Show TLS Protocol and Cipher

You need to see which TLS protocol and cipher the edge negotiates.

Command

openssl s_client -connect edge.test:443 -servername edge.test </dev/null 2>/dev/null | awk '/Protocol|Cipher|Verify return code/ {print}'

Before you run this

Risk: safe. Do not treat one client handshake as a full TLS policy audit.

Expected output

Protocol, cipher, and verification result from the TLS handshake.

System impact

Nothing changes.

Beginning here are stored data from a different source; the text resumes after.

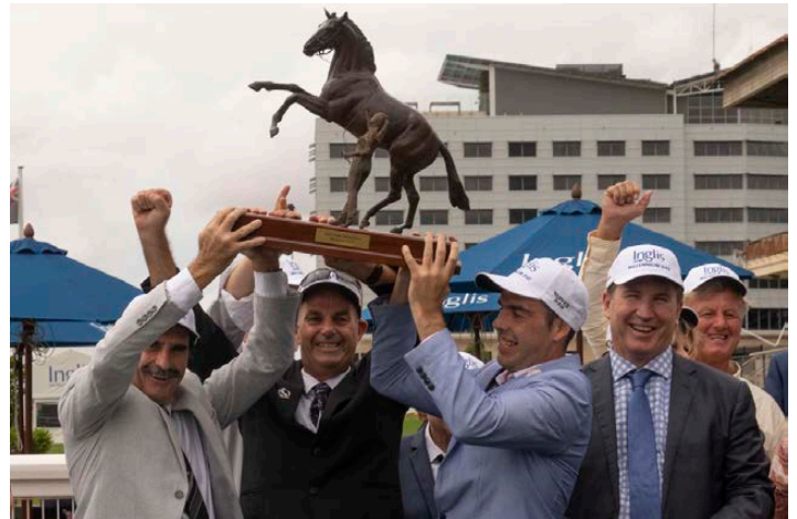
Prime Star presentation

"I'm planning a bit of a return around the middle of March, currently for a week but it may be a good bit longer, all being well," he said.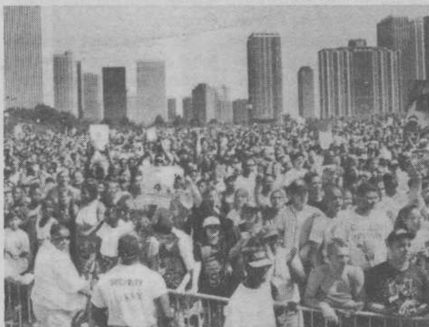
....a thousand words.

Bulls fans following Chicago's NBA championship season.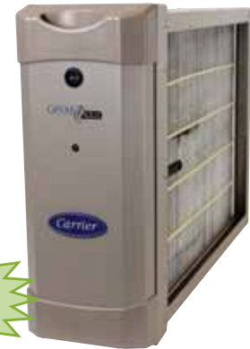
Use with either furnaces or fan coils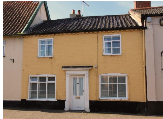
No.20 Upper Olland Street

No.18 Upper Olland Street. A mid nineteenth century shop on the southern corner of Rose Lane. Rendered and painted red brick with a black pan tiled roof. Dentilled eaves cornice, plinth. Upper Olland Street façade has a nineteenth century shop facia with reeded pilasters, containing a late twentieth century partially glazed door. Plate glass sashes with horns above. Rose Lane elevation with twentieth century casement windows. Rear gable also visible from Rose Lane, this has a canted bay window at ground floor level.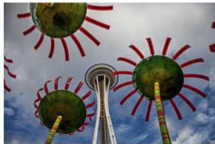
1-Space Needle - Bill Schwarz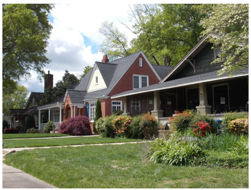
300 block of 7th Street NW, west side. View facing southwest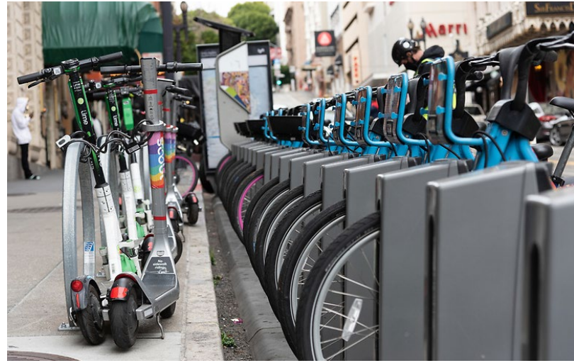
San Francisco Municipal Transportation Agency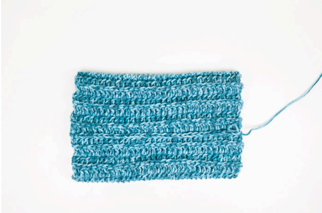
Photo C - rectangle folded and ready for seaming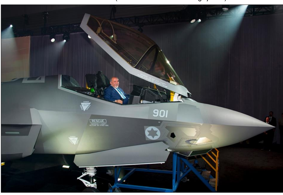
Figure 4. The Israeli Variant of the F-35A Lightning II

Known as the "Adir" (translated from Hebrew as 'Mighty One')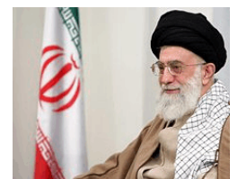
Ayatollah Ali Khamenei

Supreme leader Ayatollah Ali Khamenei, who this week congratulated Ahmadinejad for his role in Iran's nuclear case, said that Islamic countries do not need US approval to achieve great works."..."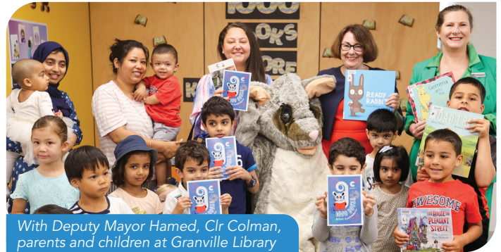
With Deputy Mayor Hamed, Cllr Colman, parents and children at Granville Library

To participate, parents can easily register online or visit any library in the Cumberland Local Government Area. Once registered, participants can pick up a FREE starter pack, which includes a reading log to track their progress. As part of the program, children will receive small gifts to celebrate their milestones.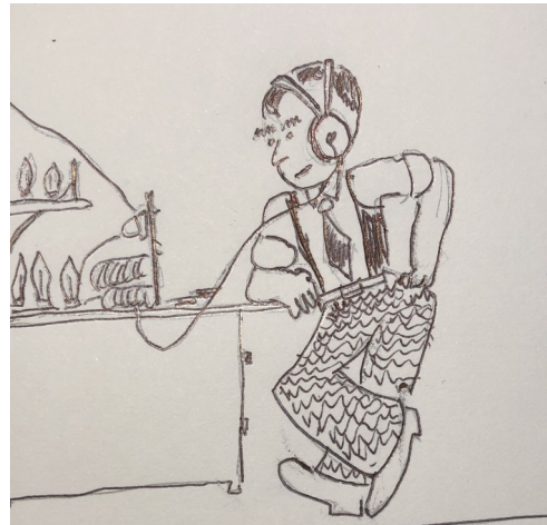
Ham radio....social distancing since 1905.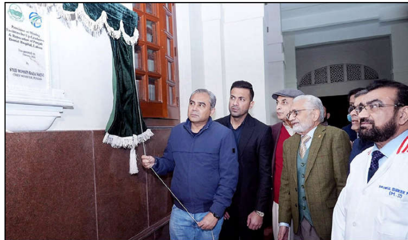
LAHORE: Caretaker Chief Minister of Punjab Mohsin Naqvi inaugurates up gradation and renovation of Punjab Dental Hospital.

According to details, with the financial assistance of UNHCR Pakistan, Sindh Rural Support Organization-SRSO arranged a program at village Moriiani and after formal assessment distributed the dignity Kits amongst the women of that village. Speaking on the Muhammad Panjal the DM of SRSO depicted that not only this but under this project SRSO had trained 20 women for Beautification Course of Beauty Parlour and sewing Course to 20 women and also distributed multiple kits amongst them. SRSO would continue its positive efforts to promote the women by empowering them through multiple aspects including technical support.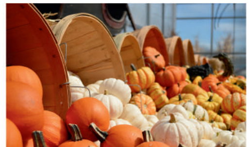
Pumpkin Fest | Page 4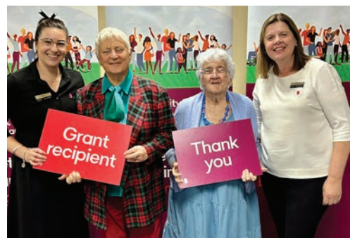
Maryborough Midlands Historical Society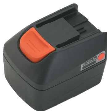
Spare Rechargeable Battery Type: EA-HB-740-Accu-250 Article No.: 020.010.296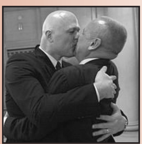
Two men getting married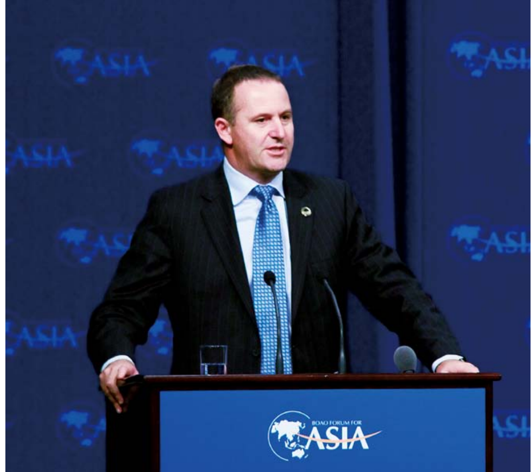
John Key Prime Minister New Zealand

Leaders in their presentations made clear that the crisis had broad impact, but the impact differed significantly from country to country, depending on the nature of the economy, size of the population, and established drivers of growth.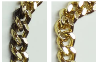
Removal of polishing paste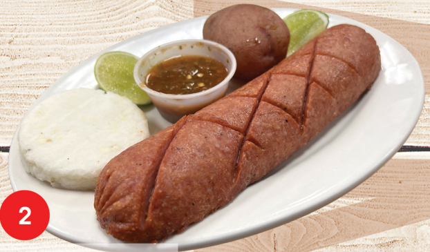
2 Sanchichón 3.50 Colombian Sausage with Corn Cake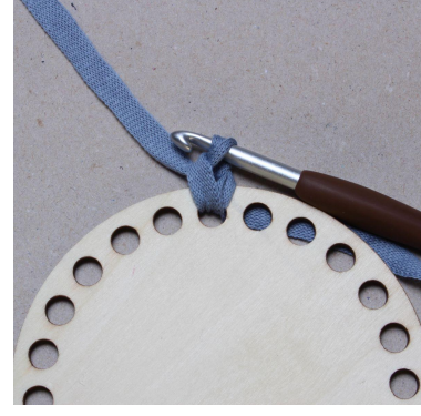
2. Ch 1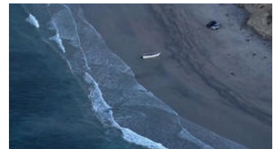
Tunnel Discovery Likely to Push Smugglers to the Sea: Agents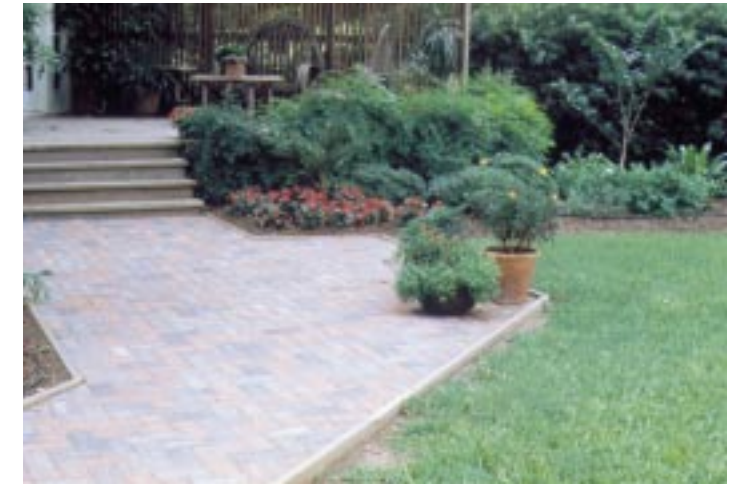
Practical turf areas are neither too large (turfgrass requires more water than other plants) nor difficult to water efficiently.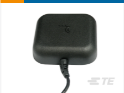
TE Part # HIRD-MX-0106A-02 IRD LP M/SMA/1.5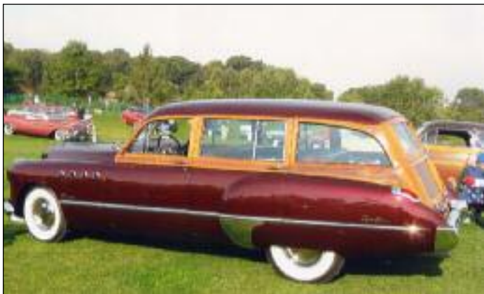
1941 Buick Roadmaster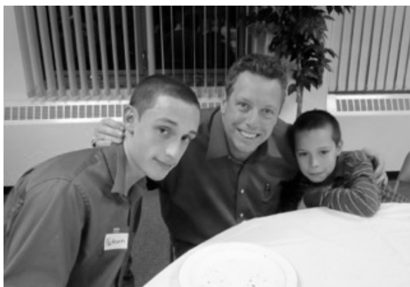
Fathers and sons enjoying themselves at our December program for boys.

If you know someone who needs transportation or if you are someone who wants to volunteer as an occasional driver, please call the Temple office as well.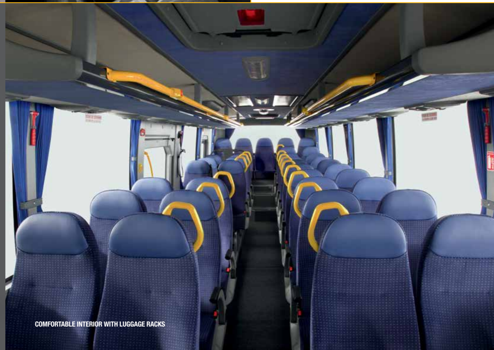
COMFORTABLE INTERIOR WITH LUGGAGE RACKS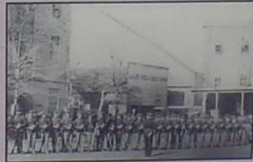
Union troops assembled on the square in Springfield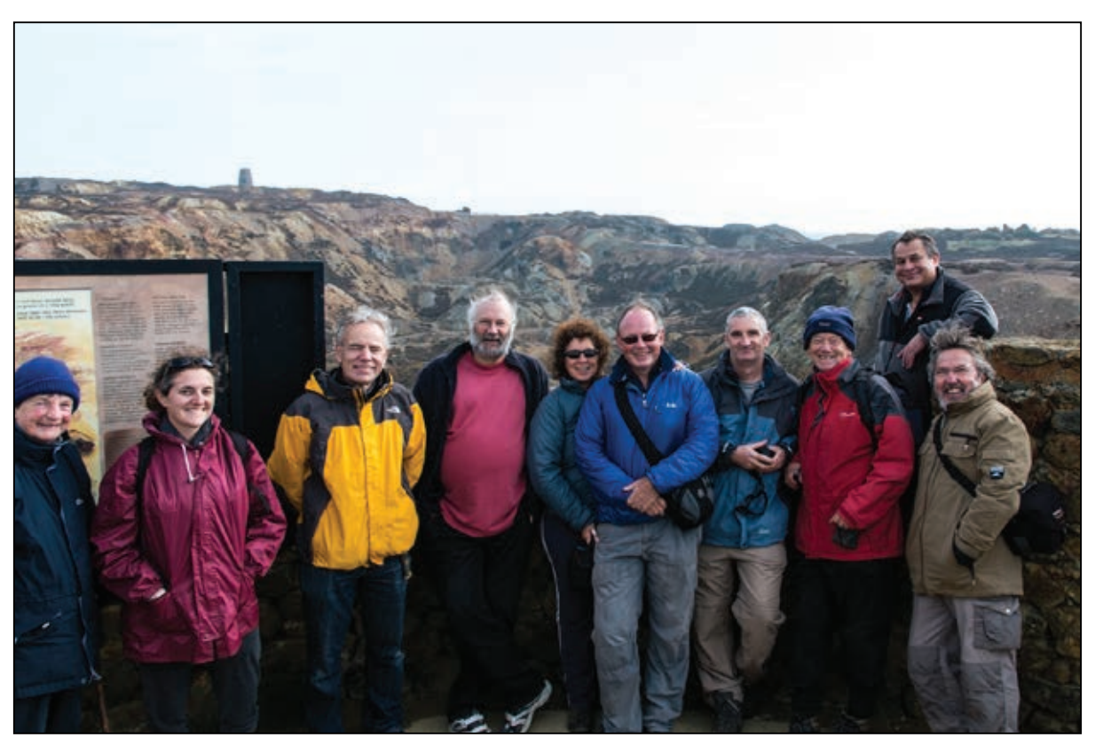
MHTI members at the viewing platform above the Parys Mountain opencast created in the late 18th-early-19th century, by the collapse of near surface workings, some of which might have been of great antiquity

A number of collapsed bell pits, some up to 20 metres underground, containing a mixture of hammer stones and oak charcoal were discovered. The form of these deposits seem to suggest the deposition of worked mine spoil within a series of steeply inclined opencasts dug on surface weathered portions of quartz stockwork veins. Archaeologist, Simon Timberlake, suggests that the access for these seems to be on the underlie of chalcopyrite veins at points where these could be excavated through the softer and partly decomposed pyritic shales and slates coinciding with areas where the local water table had been lowered due to fracturing and previous solution of the sulphide veins. The rapid oxidation of pyrite following its exposure will have led to the formation of a gossan, most of which will have been removed through glaciation, though in places this would have become partly re-established during the time leading up to the Bronze Age. Native copper and tenorite were noted in gossans beneath the soil above some of the virgin copper veins in the 18th/19th centuries and it therefore seems likely that the Bronze Age miners could have been extracting these minerals from the surface and perhaps also the copper sulphate minerals found today within the zone of rapidly oxidising sulphide underground.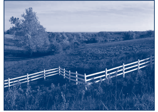
24 Highway & Blue Mills Road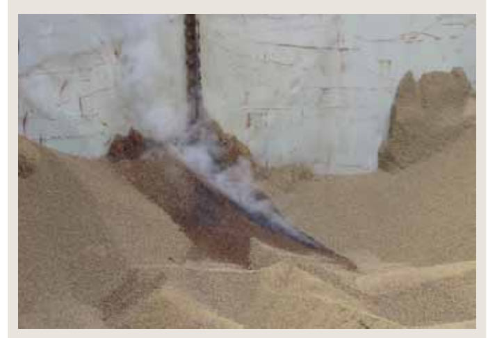
^ Self heating seedcake

A ship carried 55,000 tonnes of soybean meal from Brazil to Thailand. On discharge, it was found that some of the cargo against the engine room bulkhead in the after most hold was discoloured (dark brown), overheated and partly caked.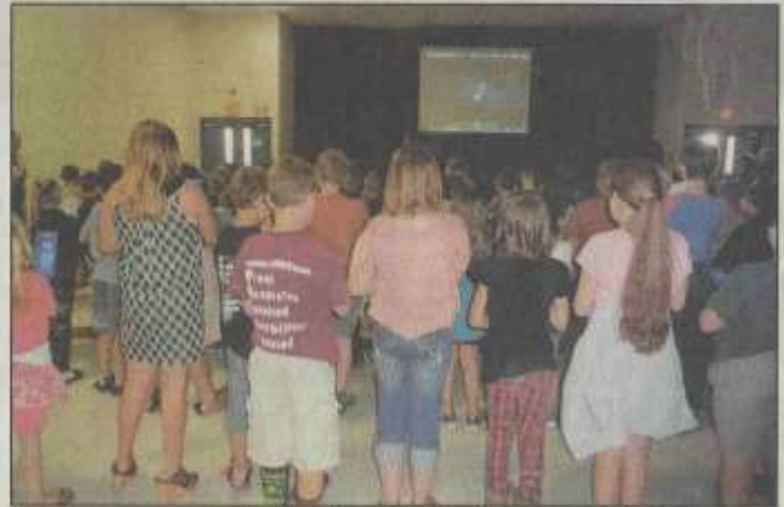
Kindergarten through 4th grade students sing the "Star Spangled Banner."

The lyrics come from "Defence of Fort M'Henry," a poem written on Sept. 14, 1814, by 35-year-old lawyer and amateur poet Francis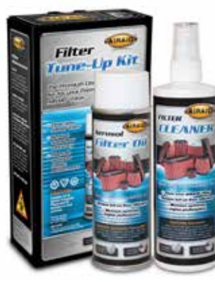
P/N 790-551 Aerosol Spray P/N 790-550 Squeeze Spray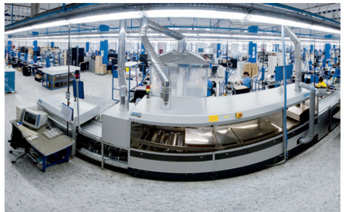
Assembling the tester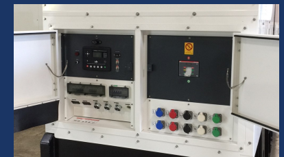
CUSTOMER CONNECTION CAM-LOK STANDARD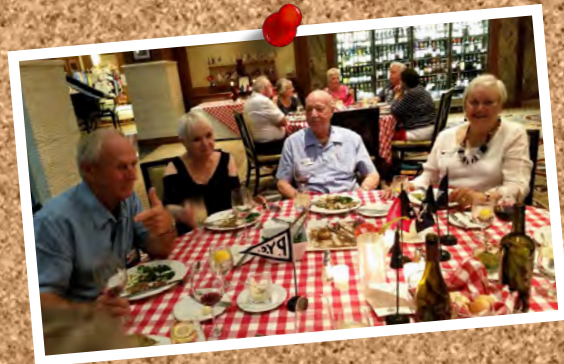
Summer Meeting Sarasota Yacht Club July 21 - 22, 2017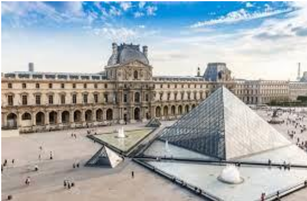
Le Palais du Louvre, Paris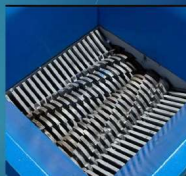
Inside the crusher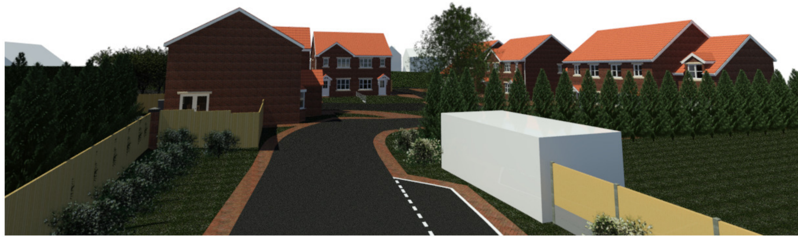
3D View 1 1 : 1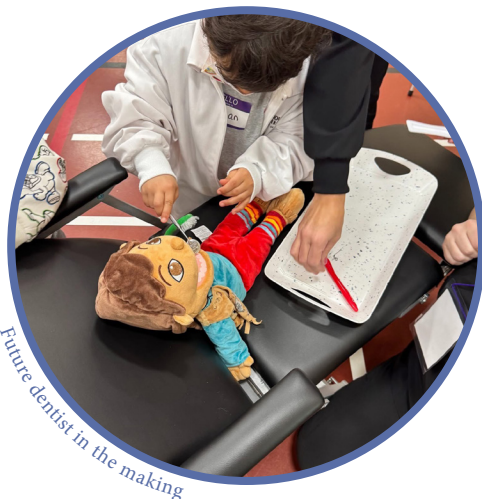
Future dentist in the making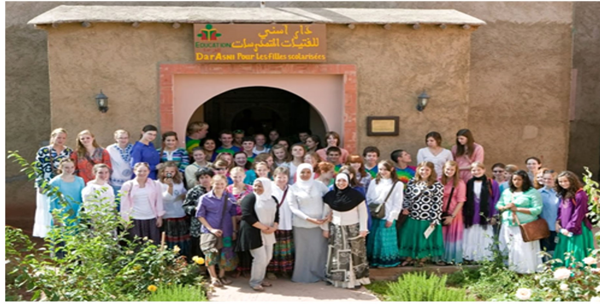
Anima, one of North America's Leading Children and Youth Coral Organisations, and the Girls from Asni's Education for All Boarding House.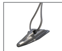
WTA (Wire Tendon Anchor)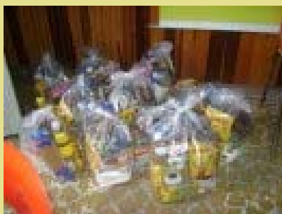
Prepared food packages.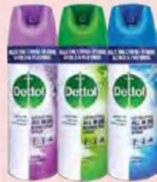
DETTOL DISINFECTANT SPRAY ASSORTED 450ML RM18.88 RM26.00

The command performs a read-only TLS handshake and filters the negotiated details.

Recovery / rollback: no state is changed.

When to use it

Use when old clients fail, scanners flag TLS settings, or you need a quick negotiation snapshot.

When not to use it

Do not treat one client handshake as a full TLS policy audit.

Watch this command run

Example output from a temporary Linux lab

This example uses disposable sample files and sanitized output so you can inspect the shape of the result before touching a real system.

demo@lab:~$

$ openssl s_client -connect example.com:443 -servername example.com </dev/null 2>/dev/null | sed -n '1,8p'

CONNECTED(00000003)
Protocol  : TLSv1.3
Cipher    : TLS_AES_256_GCM_SHA384
Verify return code: 0 (ok)
-----BEGIN CERTIFICATE-----
FIXTURE-edge
-----END CERTIFICATE-----

$ openssl s_client -connect example.com:443 -servername example.com </dev/null 2>/dev/null | awk '/Protocol|Cipher|Verify return code/ {print}'

Protocol  : TLSv1.3
Cipher    : TLS_AES_256_GCM_SHA384
Verify return code: 0 (ok)
View reproducible demo details

This page shows the sanitized shell transcript and the setup steps needed to reproduce the example.

Lab setup steps

  1. openssl s_client -connect edge.test:443 -servername edge.test </dev/null 2>/dev/null | sed -n '1,8p'
  2. openssl s_client -connect edge.test:443 -servername edge.test </dev/null 2>/dev/null | awk '/Protocol|Cipher|Verify return code/ {print}'

next steps

Related commands

Web Server Rescue Risk: safe

Show TLS Certificate Dates

The outage was not the web server. The edge certificate had expired.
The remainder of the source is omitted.